RECORDS SHOWN:

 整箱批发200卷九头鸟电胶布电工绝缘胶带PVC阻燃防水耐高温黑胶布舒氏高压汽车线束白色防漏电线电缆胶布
* * *
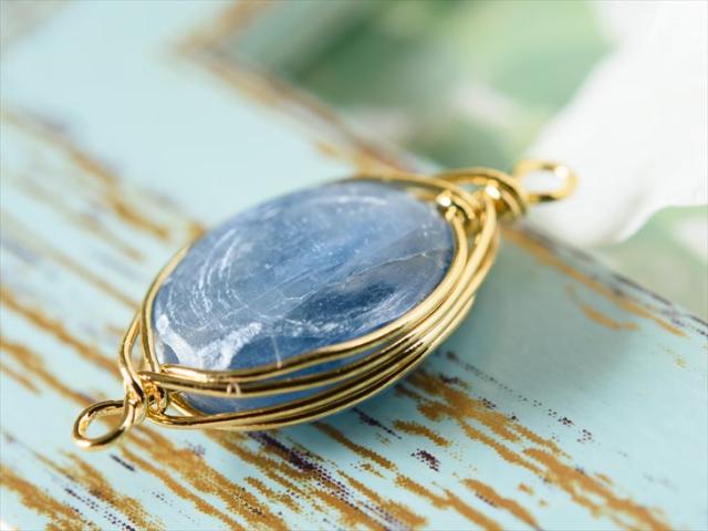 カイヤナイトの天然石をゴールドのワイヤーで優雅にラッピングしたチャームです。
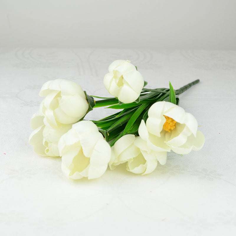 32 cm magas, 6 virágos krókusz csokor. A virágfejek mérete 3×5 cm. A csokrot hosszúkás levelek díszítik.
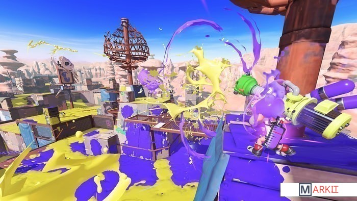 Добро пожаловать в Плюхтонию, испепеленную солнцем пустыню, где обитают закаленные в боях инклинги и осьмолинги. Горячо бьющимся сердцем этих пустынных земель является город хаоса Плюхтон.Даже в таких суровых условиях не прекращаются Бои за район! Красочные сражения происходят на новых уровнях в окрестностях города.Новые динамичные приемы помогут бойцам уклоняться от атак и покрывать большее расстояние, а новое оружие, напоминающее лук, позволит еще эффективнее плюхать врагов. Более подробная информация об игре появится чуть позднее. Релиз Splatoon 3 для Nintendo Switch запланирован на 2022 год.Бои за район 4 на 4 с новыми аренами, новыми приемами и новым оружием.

WHAT THE TASK ASKS: What you return must match, character for character, the lines above from the one with "カイヤナイトの天然石をゴールドのワイヤーで優雅にラッピングしたチャームです。" through the one with "32 cm magas, 6", minus any pictures.

REPLY:
 カイヤナイトの天然石をゴールドのワイヤーで優雅にラッピングしたチャームです。
 32 cm magas, 6 virágos krókusz csokor. A virágfejek mérete 3×5 cm. A csokrot hosszúkás levelek díszítik.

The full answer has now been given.